● **EXERCISE DETAILS**:
Repeat only these lines, exactly: the first line of the data, the line containing "Selten ist bei", and every line between them. Pictures stay out.

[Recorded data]
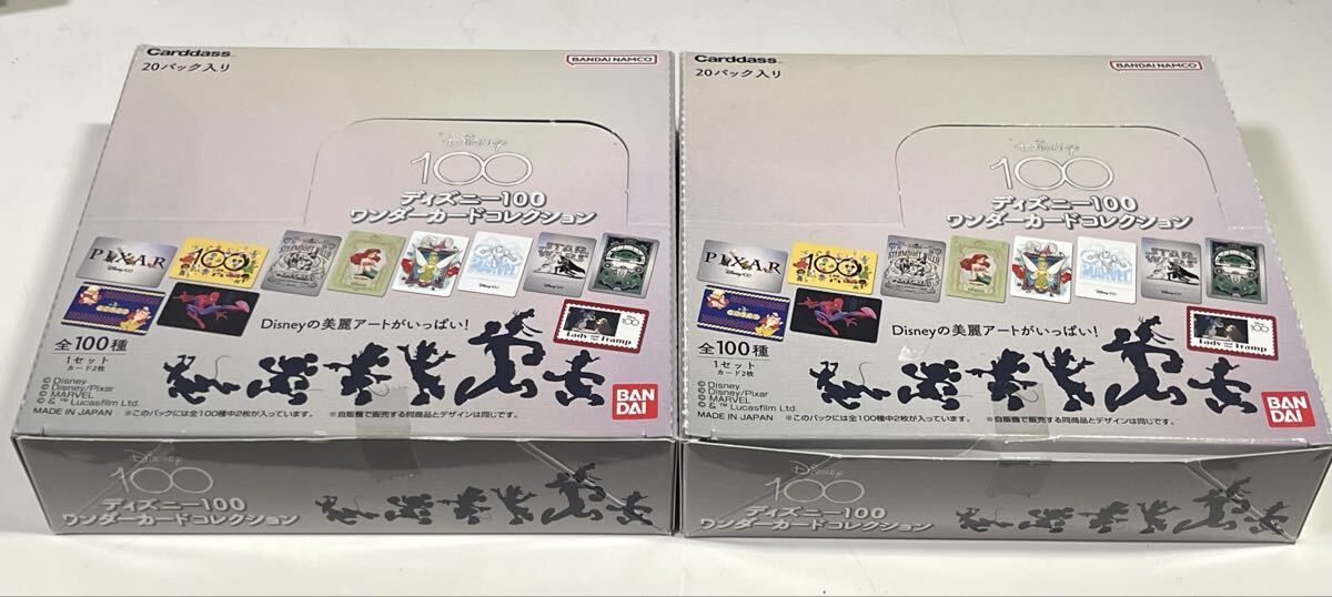 ディズニーの美麗アートが満載のカードダスコレクション、全100種、20パック入りが2箱です。
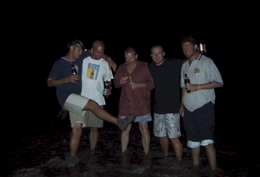 Jon and the Aussies in quicksand (note that you can't see their feet!)
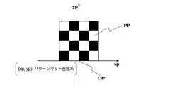 図2に示すように、校正用パターンPPは、市松模様とすることができ、市松模様の白黒の交点(格子点)の位置及び格子点間の距離はパターンマット座標系(xp, yp)で表される。
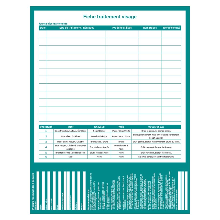 Besoin de simplifier le processus de prise de renseignements lors de rencontres avec votre clientèle? Nos fiches client sont là pour vous faciliter la vie! Vous y trouverez regroupées de manière logique et systématique l’ensemble des renseignements pertinents au traitement de chaque client(e). Chacune d’entre elles présente également un feuillet-conseil détachable que vous pourrez offrir afin d’encourager un suivi optimal des recommandations post-traitement. Version française.
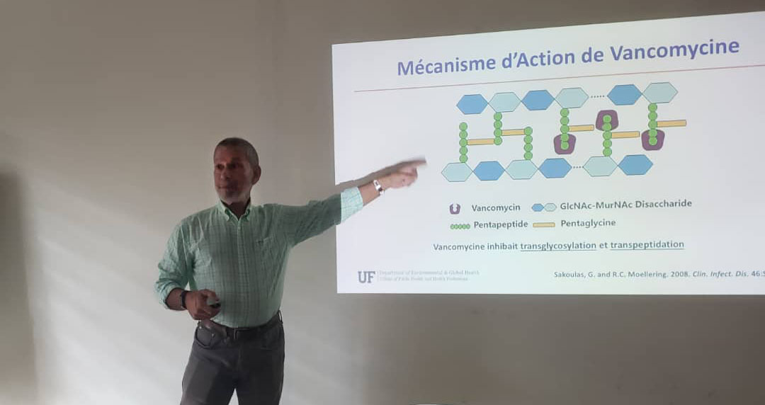 Anthony Maurelli, Ph.D., speaks to trainees about antibiotic resistance during a three-week visit to the Institut Pasteur de Guinée in August and September. Photo courtesy of Anthony Maurelli.
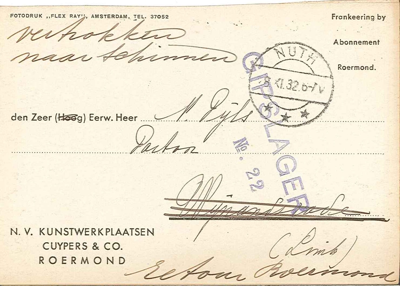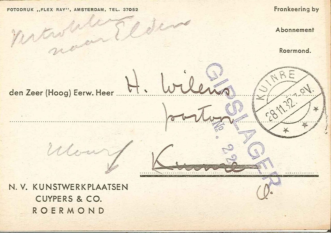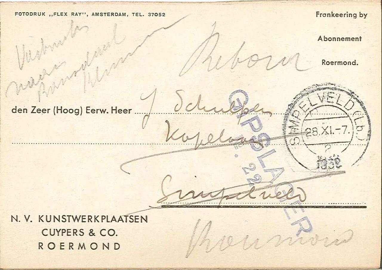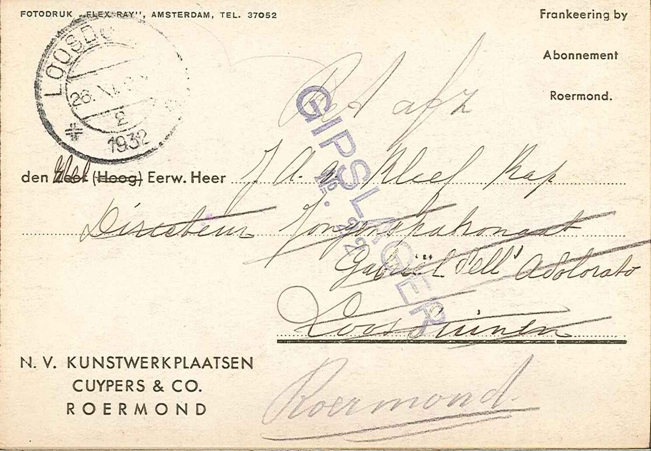 achterzijde: gedrukt: N.V. KUNSTWERKPLAATSEN CUYPERS & Co.
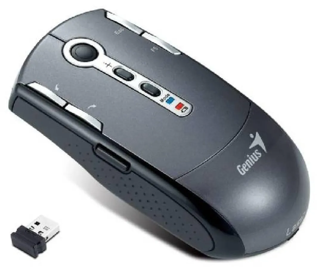 Selten ist bei Präsentationen ein Presenter zur Hand. Oft genug müssen drahtlose Notebookmäuse ohne passende Tastenbelegung und mangelnde Zeigemöglichkeiten aushelfen. Denn diese finden sich in fast jeder Laptop-Tasche. Genius macht aus der Not eine Tugend und bringt mit der Navigator T835 Laser einen Presenter, der garantiert nie in der Schreibtischschublade vergessen wird, denn er ist gleichzeitig die Maus für den Arbeitsalltag. Dies zeigt sich schon am Gehäuse: Es liegt griffig in der Hand und gleitet als symmetrische und gleichwohl ergonomische Maus über den Schreibtisch.
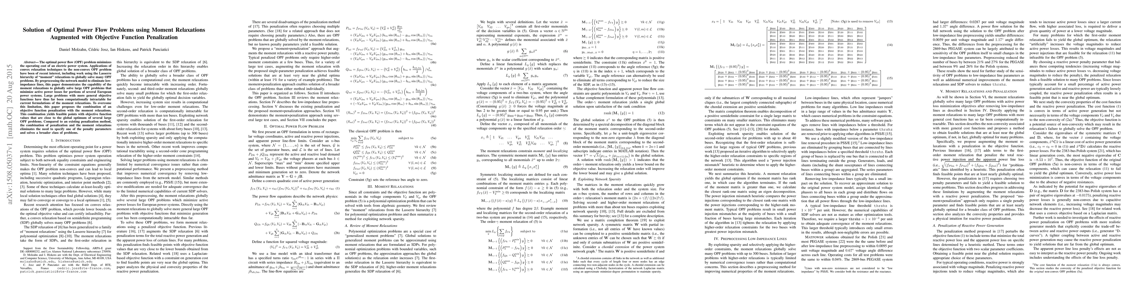 This paper proposes using moment relaxations augmented with objective function penalization to solve large-scale optimal power flow problems, demonstrating improved performance over existing methods by eliminating the need for specific penalty parameters and solving a broader range of problems.
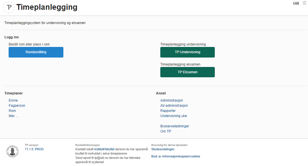 Ansvar: Timeplanene til hvert enkelt undervisningsemne eies av hvert enkelt fakultet/institutt. Det er instituttene lokalt som har ansvar for at timeplanene er så korrekte som mulig. Studieadministrativ avdeling (SA) har ansvar for timeplanleggingsverktøyet, som ved UiB heter TP.

● **REPLY**:
 ディズニーの美麗アートが満載のカードダスコレクション、全100種、20パック入りが2箱です。
 Jon and the Aussies in quicksand (note that you can't see their feet!)
 図2に示すように、校正用パターンPPは、市松模様とすることができ、市松模様の白黒の交点(格子点)の位置及び格子点間の距離はパターンマット座標系(xp, yp)で表される。
 Besoin de simplifier le processus de prise de renseignements lors de rencontres avec votre clientèle? Nos fiches client sont là pour vous faciliter la vie! Vous y trouverez regroupées de manière logique et systématique l’ensemble des renseignements pertinents au traitement de chaque client(e). Chacune d’entre elles présente également un feuillet-conseil détachable que vous pourrez offrir afin d’encourager un suivi optimal des recommandations post-traitement. Version française.
 Anthony Maurelli, Ph.D., speaks to trainees about antibiotic resistance during a three-week visit to the Institut Pasteur de Guinée in August and September. Photo courtesy of Anthony Maurelli.
 achterzijde: gedrukt: N.V. KUNSTWERKPLAATSEN CUYPERS & Co.
 Selten ist bei Präsentationen ein Presenter zur Hand. Oft genug müssen drahtlose Notebookmäuse ohne passende Tastenbelegung und mangelnde Zeigemöglichkeiten aushelfen. Denn diese finden sich in fast jeder Laptop-Tasche. Genius macht aus der Not eine Tugend und bringt mit der Navigator T835 Laser einen Presenter, der garantiert nie in der Schreibtischschublade vergessen wird, denn er ist gleichzeitig die Maus für den Arbeitsalltag. Dies zeigt sich schon am Gehäuse: Es liegt griffig in der Hand und gleitet als symmetrische und gleichwohl ergonomische Maus über den Schreibtisch.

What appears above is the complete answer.